В конце коридора появился молодой мужчина, который еще в цеху издали указывал на Павла глазами. Он с нервным напряжением в голосе крикнул:

– Уходим, товарищ полковник! Объект уезжает…

«Сотрудник» даже не удостоил его взглядом. Он неторопливо, теперь уже мелкими глотками, допивал воду. Его глаза были заняты Павлом, который все также стоял, замерев со стаканом воды у рта.

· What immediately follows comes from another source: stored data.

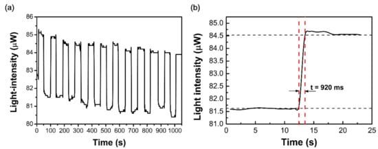The dynamic performance (a) and the measured response time (b) of the sensor where the V-groove pitch, depth, and angle of the sensor probe are 1 mm, 100 μm, and 60°, respectively, and the refractive index of the testing liquid is 1.39.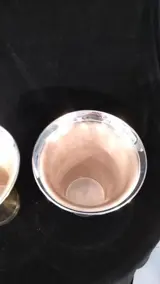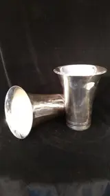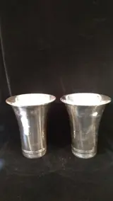 Paar vazen of zelfs water-/wijnfleshouders. Van het prestigieuze Italiaanse fabrikaat Daliana & Co. Uitgevoerd in verzilverd. Afmetingen: hoogte 20cm, breedte bovenaan 17cm. Totaal gewicht 3kg.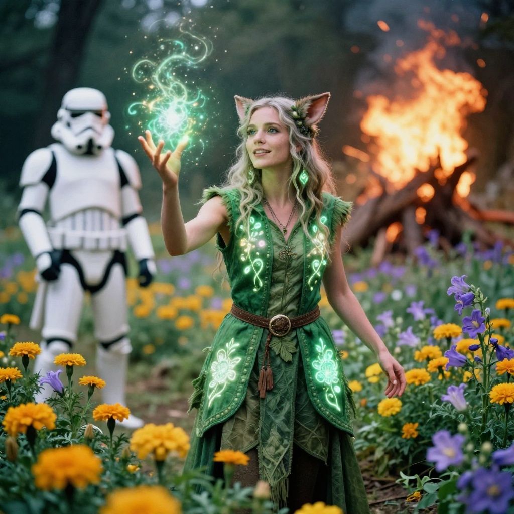 Solo, (full body:0.6), looking away, detailed background, detailed face, biomancer, joyful, nature themed green mage sleeveless vest, glowing floral motifs, casting spell, natural regeneration, mystical aura, botanical secrets marigolds, bellflowers, primroses ethereal glow, ethereal atmosphere, **(animal ears, destruction, explosion, fire:1.2), **, white (star wars empire style:0.7), 24mm, (analog, cinematic, film grain:1.3), Bokeh DOF, (Masterpiece:1.3) (best quality:1.2) (high quality:1.1)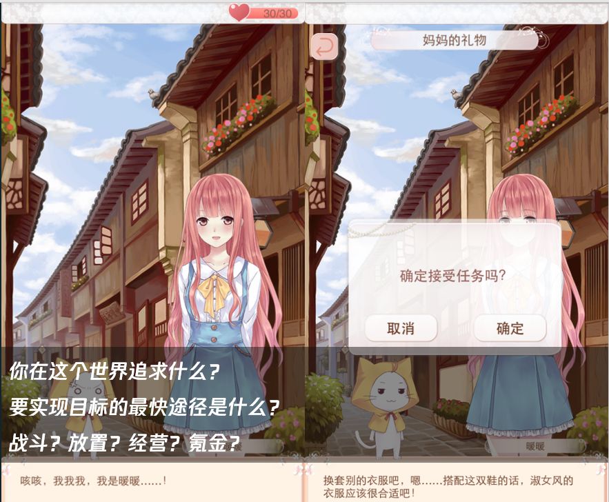 再比如现在已经出到第四代的换装游戏,也是一脉传承的目标指引。由大喵告诉暖暖(也就是玩家),在这个以搭配论输赢的奇迹大陆,需要根据不同的场合地点,进行搭配任务。而不同的任务需要玩家收集不同的衣服,进行抽取、购买、染色、进化等等一系列操作。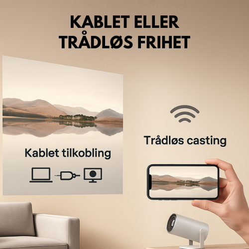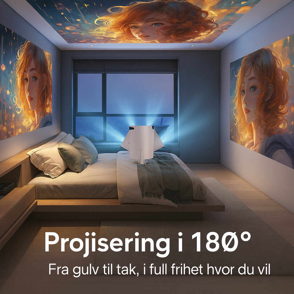 Projektoren er utrolig allsidig og lar deg projisere bilder fra koselige 40 tommer helt opp til 200 tommer. Perfekt til enhver anledning – enten det er en intim filmkveld eller et større arrangement.

– Хорошая водица! В нос сшибает! – сказал вдруг негромко «Сотрудник», – Только резиной попахивает.

Он неторопливо поставил стакан в аппарат и даже надавил на него, чтобы промыть. Вода забулькала, оросила ему пальцы. «Сотрудник», все еще не торопясь, извлек из кармана белоснежный платок и обтер им руки, потом откинул выше манжет пиджака и белой рубашки, демонстративно внимательно посмотрел на наручные часы. Это были все те же, швейцарские, снятые Павлом с предплечья немецкого офицера.

– И часики, что надо! Идут себе, как новенькие! – тем же спокойным, рассудительным тоном сказал «Сотрудник».

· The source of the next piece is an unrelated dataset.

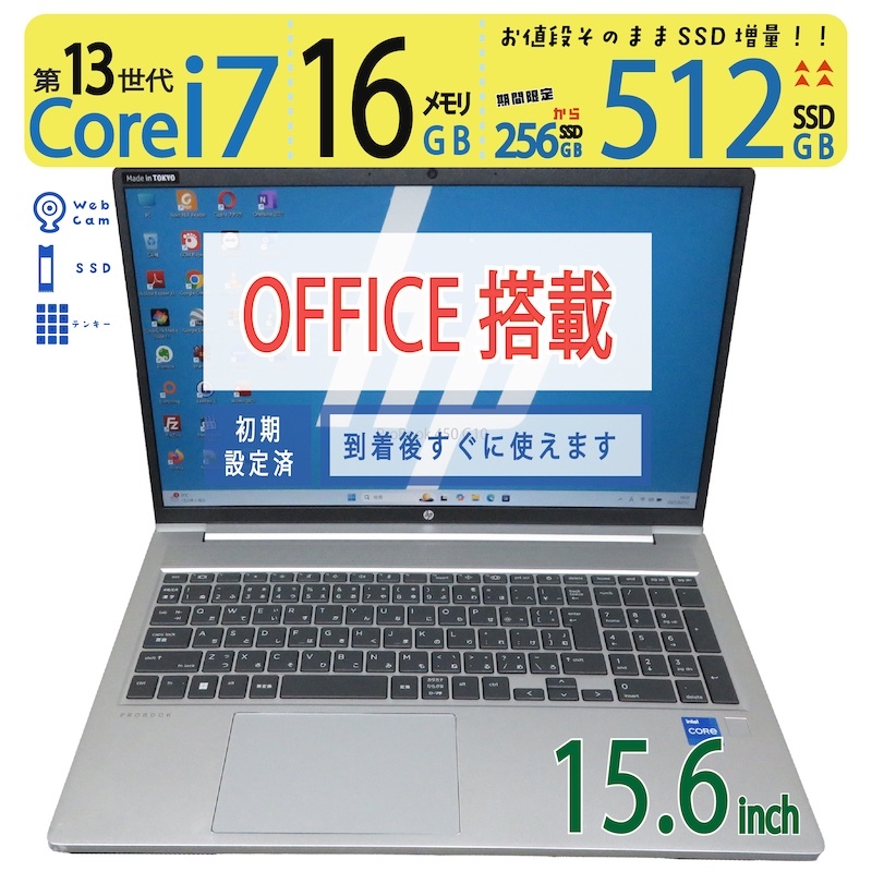 > 【超速13th i7】◆HP ProBook 450 G10 / 15.6型 ◆ Core i7-1355U [12スレッド] /高速 512GB SSD / メモリ 16GB ◆ win11 Pro / Office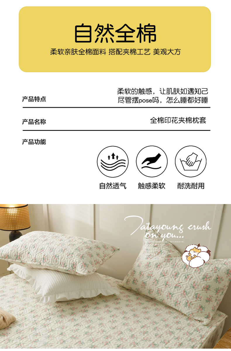 商品名称:2024新款全棉夹棉枕套-印花类 少女心

Он заправил часы под манжет, медленно поднял руку и выразительно потер висок, на котором теперь вместо нежной синей родиночки зиял глубокий шрам.

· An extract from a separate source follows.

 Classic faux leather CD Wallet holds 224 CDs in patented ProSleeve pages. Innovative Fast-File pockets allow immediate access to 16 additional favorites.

– Ну, бывай, разведчик! – сказал он, вдруг широко улыбнувшись, – Однополчанин… Не взыщи, брат! На то и война была…

«Сотрудник», не торопясь пошел по коридору неожиданно молодой походкой, будто не минуло стольких лет и будто он никогда не лежал, истекая кровью, на каменном полу в уборной караульной службы Кремля.

Павел медленно поставил все еще полный стакан в аппарат и ошеломленно смотрел вслед уходящему человеку. Но тот, пройдя почти полпути, остановился, постоял немного в задумчивости, потом обернулся и произнес отчетливо:

– Ты, Тарасов, молодец! Перед самим Сусловым не спасовал. Михаила Андреевича ведь все боятся, и не напрасно. Я глядел и удивлялся. Это я ведь о тебе заранее сказал…, чтобы он с тобой поручкался. Хотел посмотреть, не изменился ли ты? Не изменился!

Он вдруг энергичным шагом вернулся назад, быстро снял с руки часы и, рывком схватив Павла за кисть левой руки, сунул их ему прямо в ладонь.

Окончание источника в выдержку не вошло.